Add references to CoreCross and MvvmCross - PCL versions

Add references to the new project for the portable libraries:

  • Cirrious.CrossCore.dll
    • core interfaces and concepts including Trace, IoC and Plugin management
  • Cirrious.MvvmCross.dll
    • Mvvm classes - including base classes for your views and viewmodels
  • Cirrious.MvvmCross.Plugins.Json.dll
    • Adds a PCL Newtonsoft.JSON.Net implementation - our WindowsPhone UI application will use this to navigate between Pages

Normally, these will be found in a folder path like {SolutionRoot}/Libs/Mvx/Portable/.

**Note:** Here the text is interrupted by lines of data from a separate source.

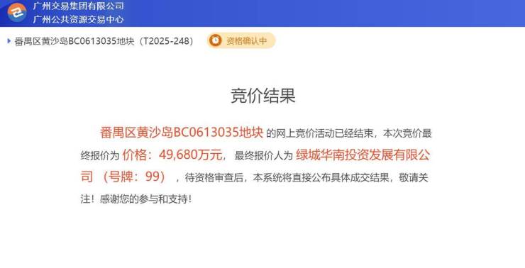 10月21日,番禺区黄沙岛BC0613035地块竞价出让,为绿城以总价49680万元拿下,溢价率约17.8%,折合楼面价2.59万元/㎡。
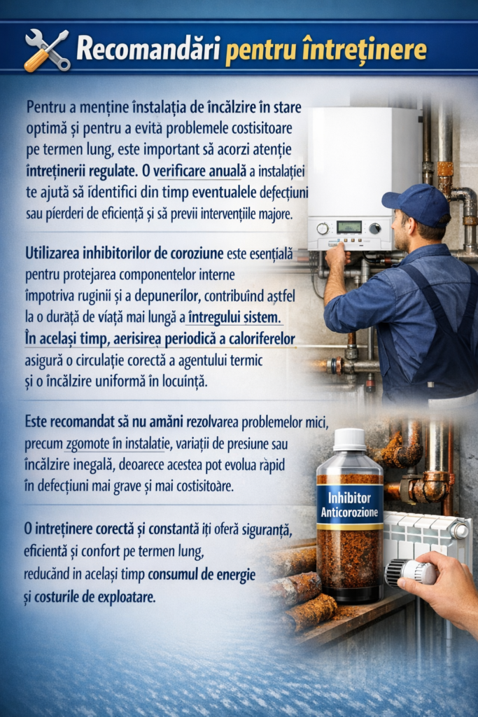 Pentru a menține instalația de încălzire în stare optimă și pentru a evita problemele costisitoare pe termen lung, este important să acorzi atenție întreținerii regulate. O verificare anuală a instalației te ajută să identifici din timp eventualele defecțiuni sau pierderi de eficiență și să previi intervențiile majore. Utilizarea inhibitorilor de coroziune este esențială pentru protejarea componentelor interne împotriva ruginii și a depunerilor, contribuind astfel la o durată de viață mai lungă a întregului sistem. În același timp, aerisirea periodică a caloriferelor asigură o circulație corectă a agentului termic și o încălzire uniformă în locuință. Este recomandat să nu amâni rezolvarea problemelor mici, precum zgomote în instalație, variații de presiune sau încălzire inegală, deoarece acestea pot evolua rapid în defecțiuni mai grave și mai costisitoare. O întreținere corectă și constantă îți oferă siguranță, eficiență și confort pe termen lung, reducând în același timp consumul de energie și costurile de exploatare.
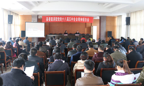 11月27日,县委常委、宣传部长曹君赴诸佛庵镇,为该镇的镇村干部共130余人宣讲党的十八届五中全会精神。
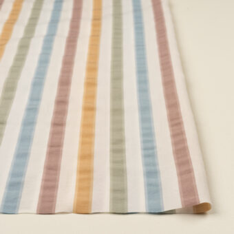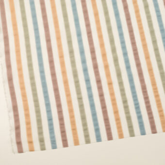 【アウトレット】コットン&レーヨン×ストライプ(オフホワイト、カーキ&アッシュブルー)×ローンワッシャー
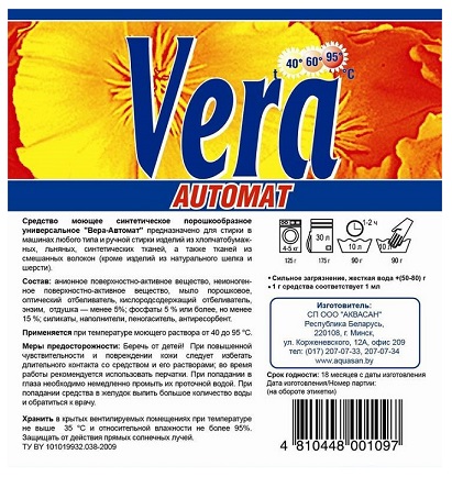 Предназначено для стирки в автоматических стиральных машинах, машинах активаторного типа и ручной стирки изделий из хлопчатобумажных, льняных, синтетических тканей, а также тканей из смешанных волокон (кроме изделий из натурального шелка и шерсти).
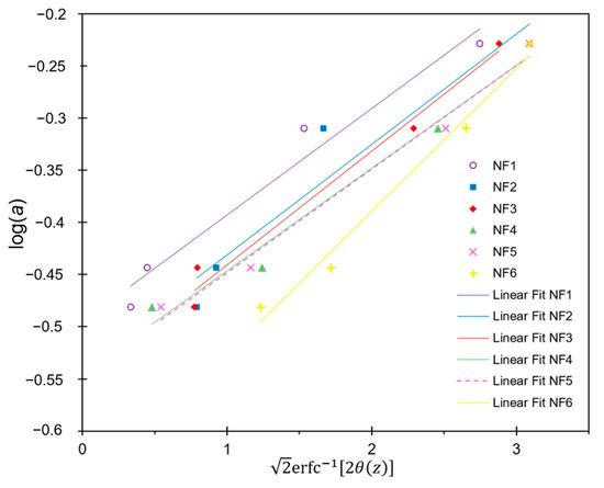 Here, a is the Stokes radius of the solute, is the geometric mean radius of the pores, and is the geometric standard deviation of the pore sizes. By inverting Equation (3) and using Equation (4), we can obtain Equation (5):
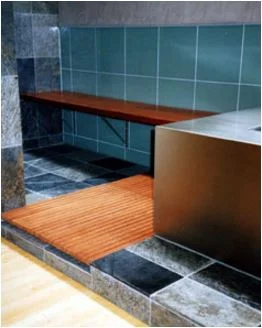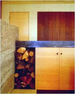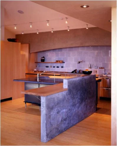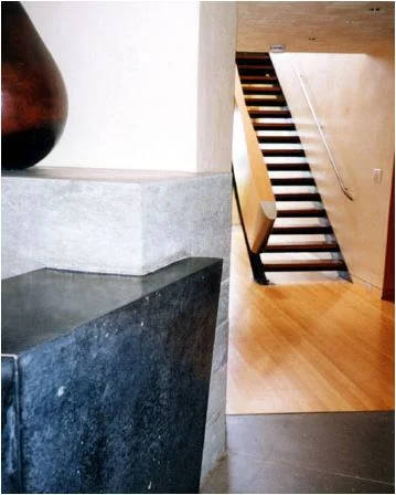 Colored plaster walls, wood, stone and concrete are carefully composed to create the feel of a sanctuary removed from the everyday world.
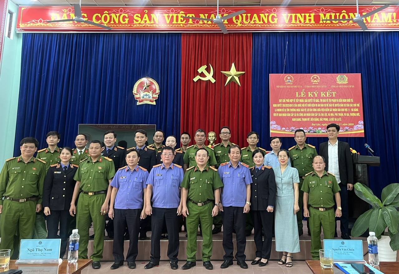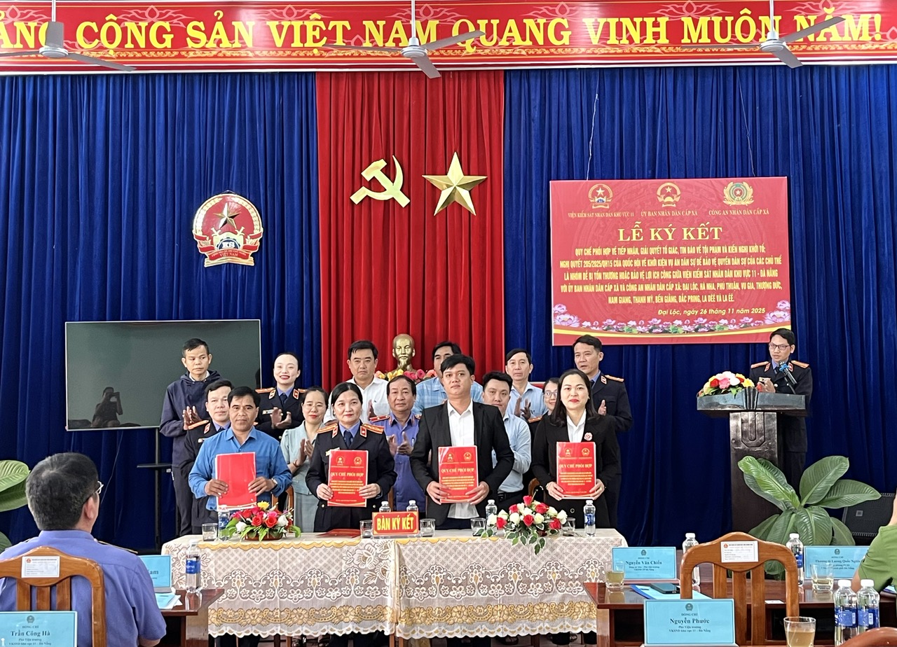 Tại buổi lễ, các bên tiến hành ký kết 02 Quy chế phối hợp, gồm: Quy chế số 01/QCPH-VKSND-CAX phối hợp với Công an cấp xã trong công tác tiếp nhận, phân loại, giải quyết tố giác, tin báo về tội phạm, kiến nghị khởi tố và khởi tố, điều tra vụ án hình sự thuộc thẩm quyền và Quy chế số 02/QCPH-VKSND-UBND phối hợp với Uỷ ban nhân dân cấp xã. Trong đó, Quy chế phối hợp số 02/QCPH-VKSND-UBND được đơn vị chú trọng trình bày cùng Nghị quyết 205/2025/QH15 của Quốc hội thông qua video clip, nhằm làm rõ vai trò của Uỷ ban nhân dân cấp xã và mối quan hệ phối hợp với Viện kiểm sát trong việc bảo vệ lợi ích công và quyền dân sự của nhóm dễ bị tổn thương. Đây là nhiệm vụ mới, có ý nghĩa quan trọng trong việc bảo vệ quyền con người, quyền công dân.
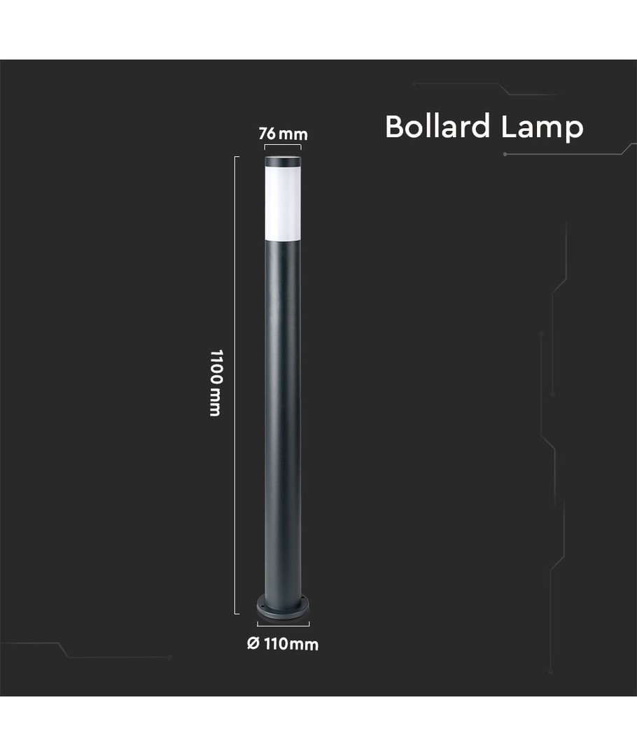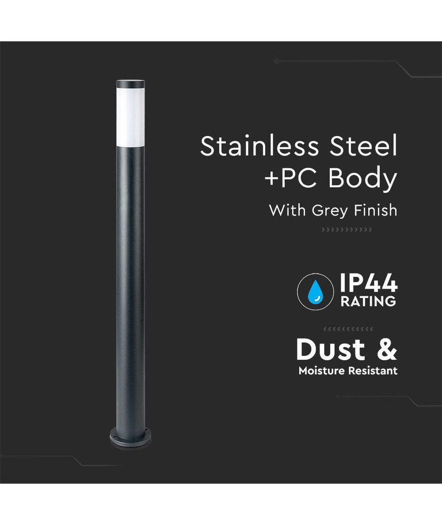 V-Tac Grå hage lampe er en stilfull og robust utendørs lampe, designet for å tilføre både funksjonalitet og estetikk til hagen din med dens moderne rustfrie stål finish.
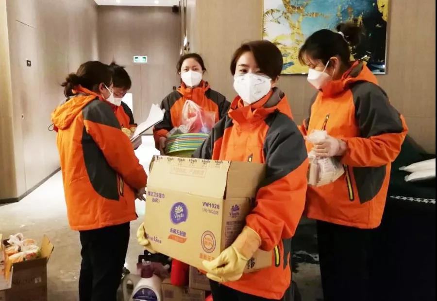 為避免人員頻繁出入,降低交叉感染風險,每個樓層固定兩名工作人員,負責全樓層30多人一日三餐的收發(fā),幾十個房間的垃圾清運處理,樓層公共區(qū)域消毒,各類生活物資清點搬運分發(fā),工作量非常大!但是這些姑娘沒有人叫苦叫累,都自稱女漢子,互相加油打氣!
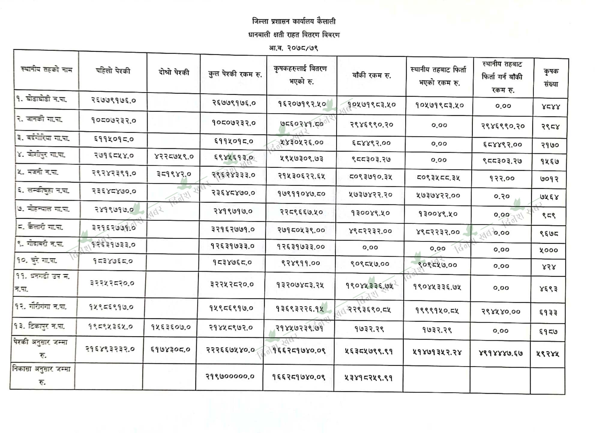 जिल्लाका ५९ हजार २ सय ४५ किसानका लागि वितरण गर्न संघीय सरकारले पठाएको राहत रकम वितरण गर्न जिल्लाका स्थानीय तह असफल भएका छन्। अझै स्थानीय तहले पेश्की लिएको ४९ लाख १४ हजार चार सय ४७ रुपैयाँ फिर्ता आउन बाँकी रहेको जिल्ला प्रशासन कार्यालय कैलालीले जनाएको छ। स्थानीय तहले १६ करोड ६२ लाख ८१ हजार सात सय ४० रुयैयाँ मात्र वितरण गरेका छन्।
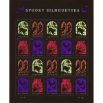 Today, America’s prejudice against black cats is not nearly as severe as it was for the Pilgrims, though the spooky feeling these felines give us still lingers. ?This has led many people to avoid black cats, especially around Halloween. ?Considering this history, it is only fitting that the black cat was pictured on one of the United States’ 2019 Spooky Silhouettes Stamps.
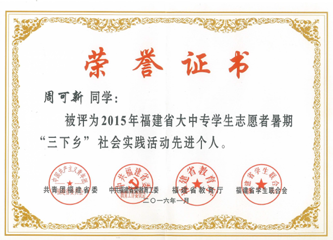 • 我校在2015年福建省大中专学生暑期“三下乡”社会实践评选活动中获优秀
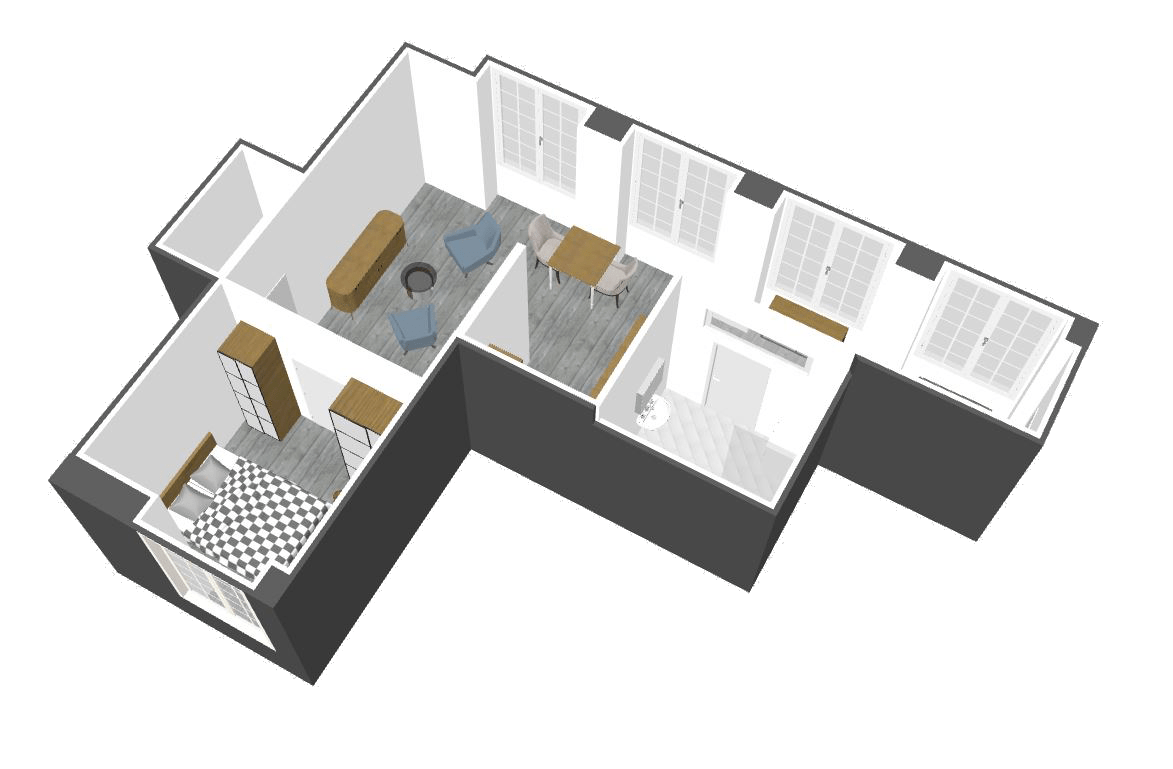 Optimale Raumaufteilung: Flur, Wohnzimmer, Schlafzimmer, Küche und Kammer
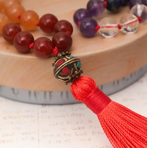 Descubre el Contador de Códigos Sagrados 7 Chakras, una pieza artesanal de 45 cuentas creada con una selección especial de cuarzos: Cornalina, Ágata, Jade, Sodalita y Amatista, acompañados de un delicado dije nepalí que aporta protección y propósito.

Add references to CoreCross and MvvmCross - WindowsPhone specific versions

Add references to the new project for the WindowsPhone specific libraries:

  • Cirrious.CrossCore.WindowsPhone.dll
  • Cirrious.MvvmCross.WindowsPhone.dll

Each of these extends the functionality of its PCL counterpart with WP specific additions.

Normally, these will be found in a folder path like {SolutionRoot}/Libs/Mvx/WindowsPhone/.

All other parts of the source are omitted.